■ TASK DESCRIPTION:
Among the entries below, which lines run from the line with "밥솥으로 찐 계란은 완숙" through the line with "习近平总书记在党史学习教育动"? Retype those, both ends included, exactly and without pictures.

BEGIN GIVEN ENTRIES

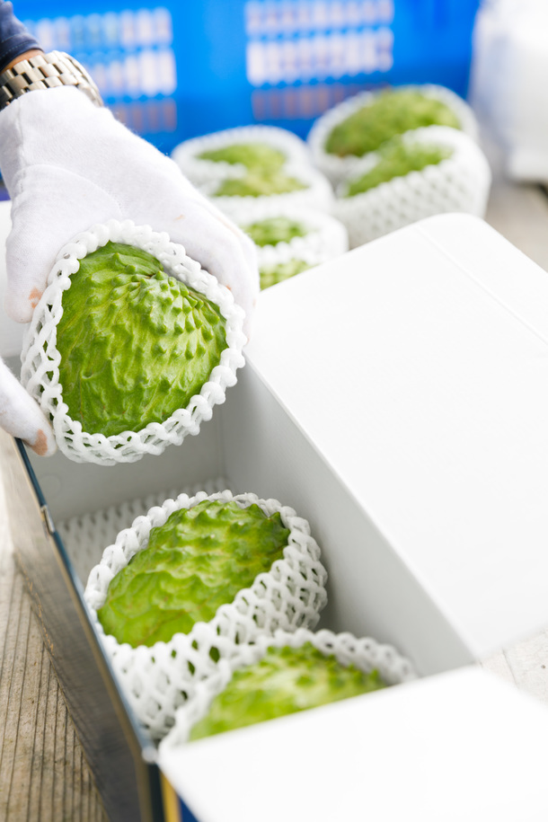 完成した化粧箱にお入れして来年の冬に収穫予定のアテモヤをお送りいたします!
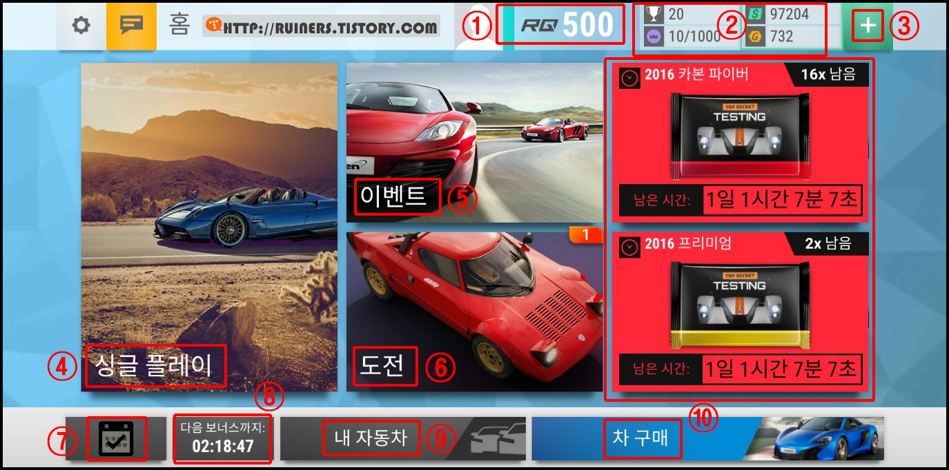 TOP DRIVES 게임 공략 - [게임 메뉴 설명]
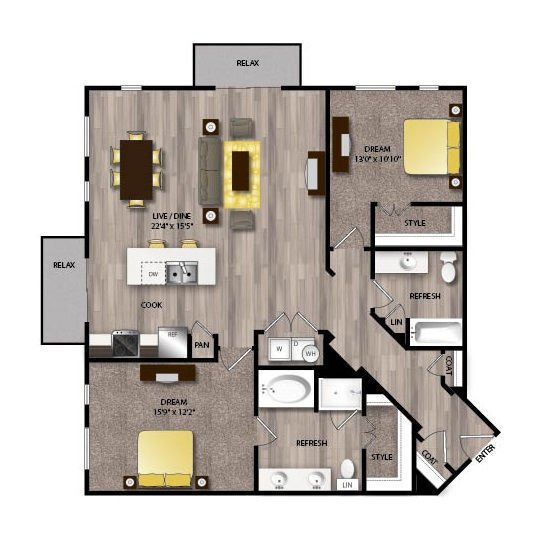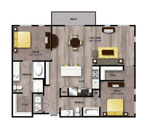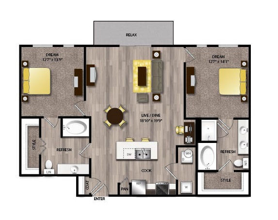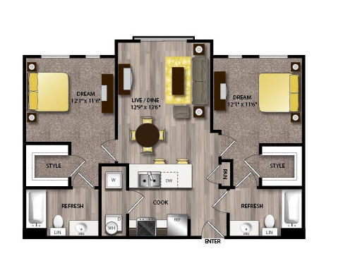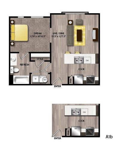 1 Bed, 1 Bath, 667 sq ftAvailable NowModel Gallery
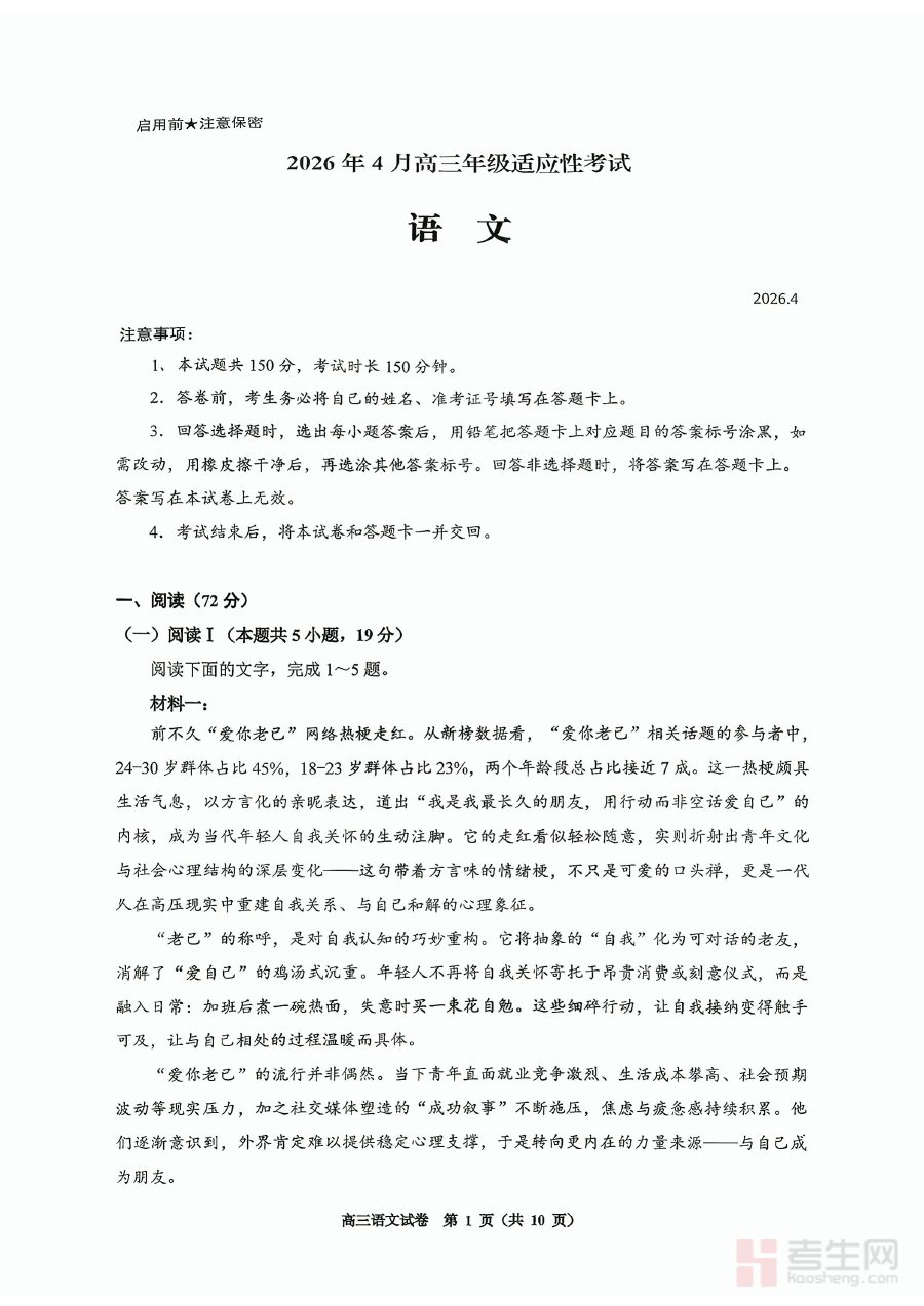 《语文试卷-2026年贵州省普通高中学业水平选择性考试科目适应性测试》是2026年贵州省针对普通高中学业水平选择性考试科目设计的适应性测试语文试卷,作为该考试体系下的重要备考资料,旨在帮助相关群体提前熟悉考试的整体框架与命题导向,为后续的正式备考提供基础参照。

END GIVEN ENTRIES
BEGIN GIVEN ENTRIES

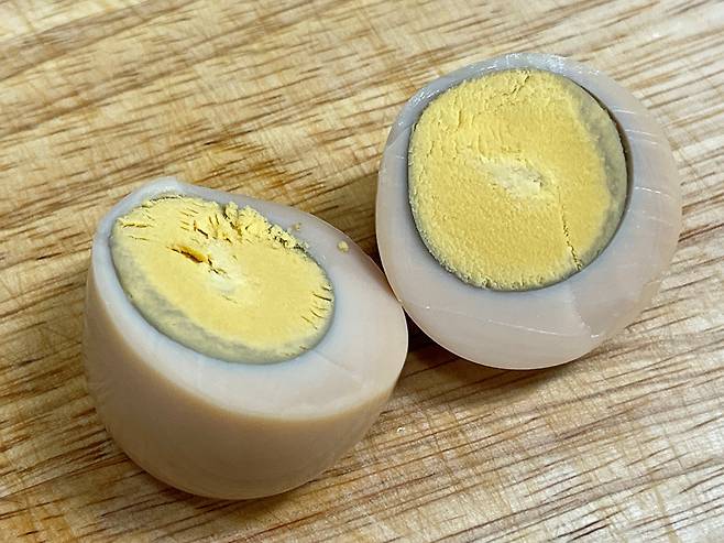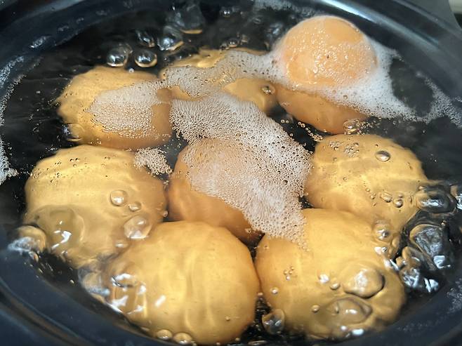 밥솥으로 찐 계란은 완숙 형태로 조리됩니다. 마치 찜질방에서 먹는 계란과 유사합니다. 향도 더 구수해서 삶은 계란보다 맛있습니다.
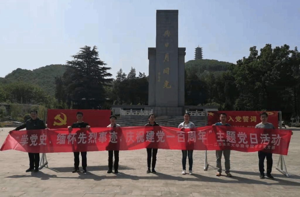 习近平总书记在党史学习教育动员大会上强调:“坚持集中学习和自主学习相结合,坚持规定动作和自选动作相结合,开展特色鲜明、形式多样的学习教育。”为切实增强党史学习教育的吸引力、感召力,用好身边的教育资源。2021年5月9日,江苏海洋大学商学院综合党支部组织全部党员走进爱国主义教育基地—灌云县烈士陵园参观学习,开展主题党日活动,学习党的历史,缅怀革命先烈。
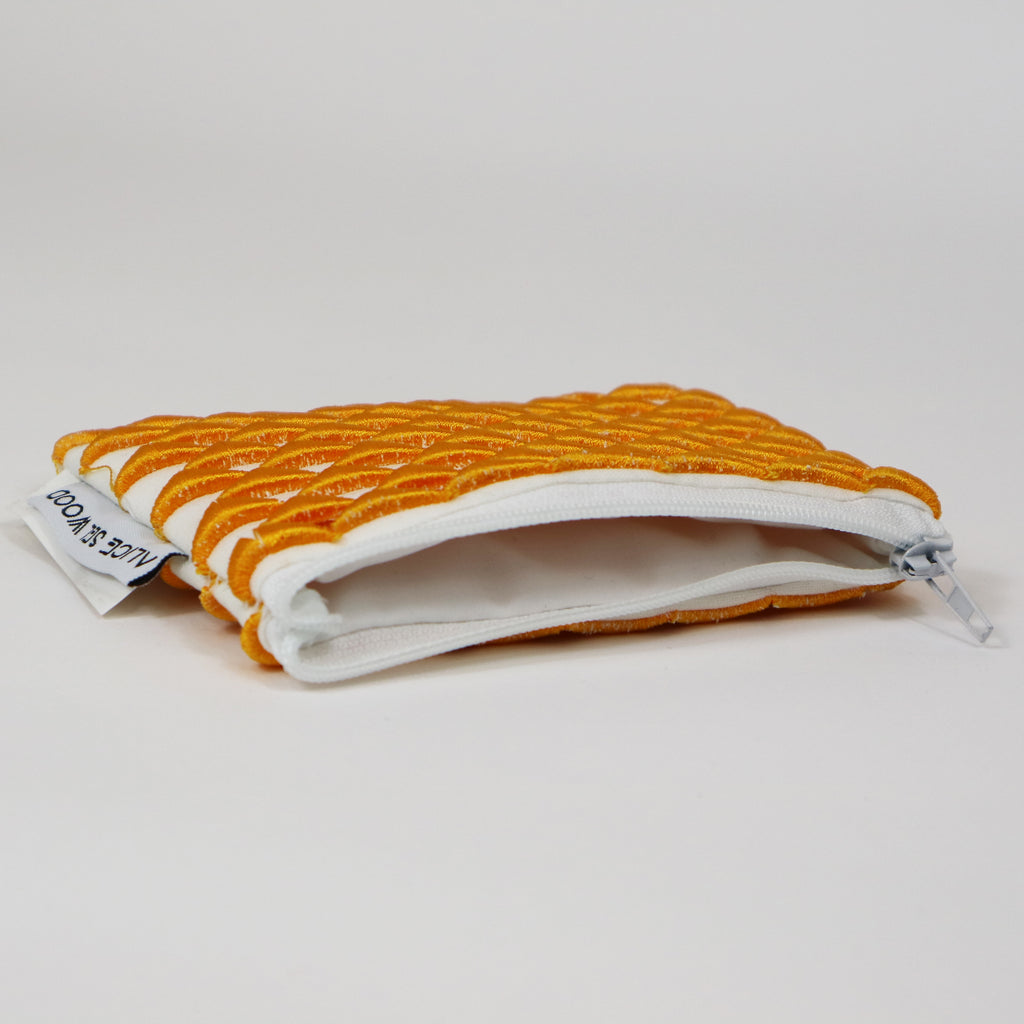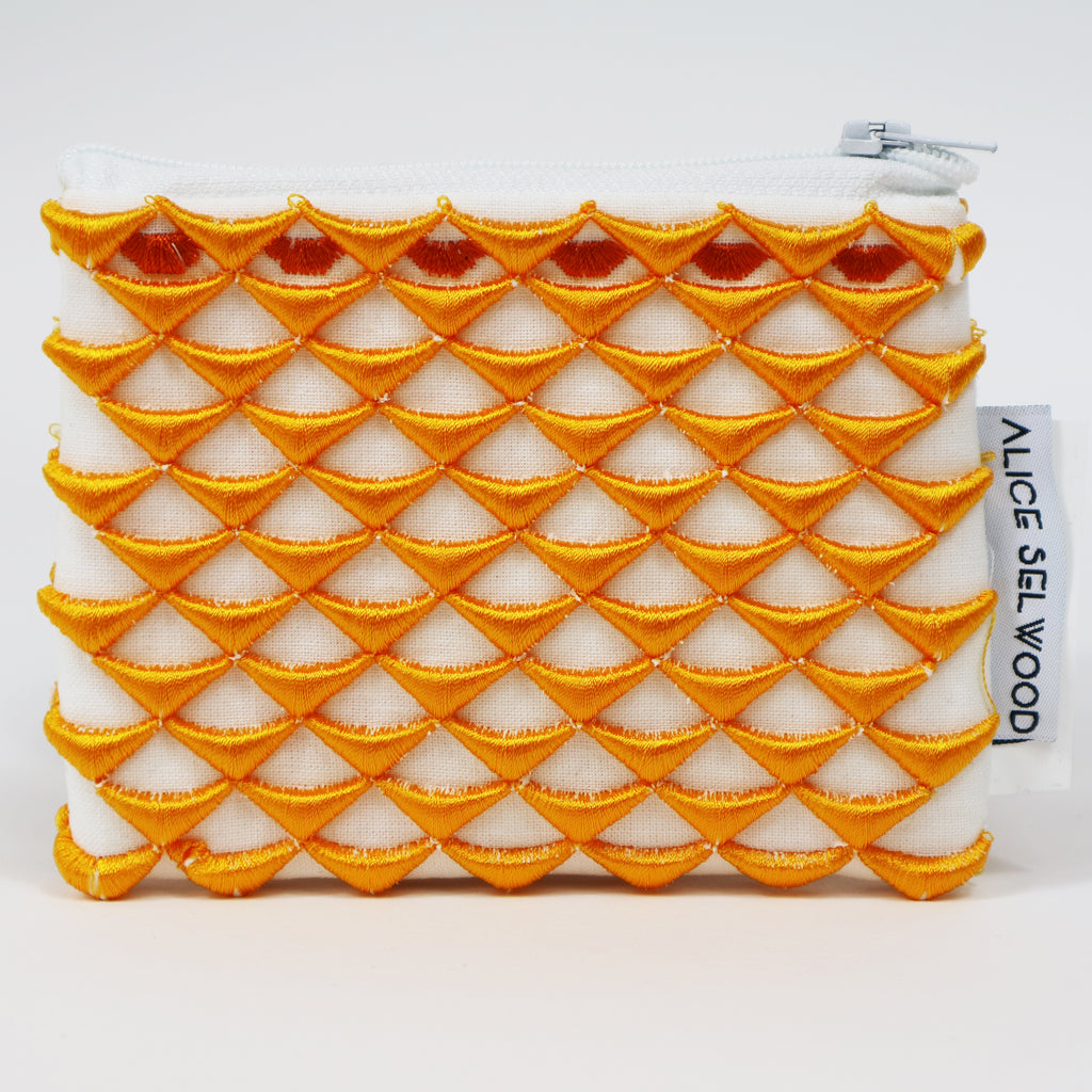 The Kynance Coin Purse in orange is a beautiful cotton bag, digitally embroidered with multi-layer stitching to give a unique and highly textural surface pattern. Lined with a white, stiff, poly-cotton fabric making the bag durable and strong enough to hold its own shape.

END GIVEN ENTRIES

■ SOLUTION:
 밥솥으로 찐 계란은 완숙 형태로 조리됩니다. 마치 찜질방에서 먹는 계란과 유사합니다. 향도 더 구수해서 삶은 계란보다 맛있습니다.
 习近平总书记在党史学习教育动员大会上强调:“坚持集中学习和自主学习相结合,坚持规定动作和自选动作相结合,开展特色鲜明、形式多样的学习教育。”为切实增强党史学习教育的吸引力、感召力,用好身边的教育资源。2021年5月9日,江苏海洋大学商学院综合党支部组织全部党员走进爱国主义教育基地—灌云县烈士陵园参观学习,开展主题党日活动,学习党的历史,缅怀革命先烈。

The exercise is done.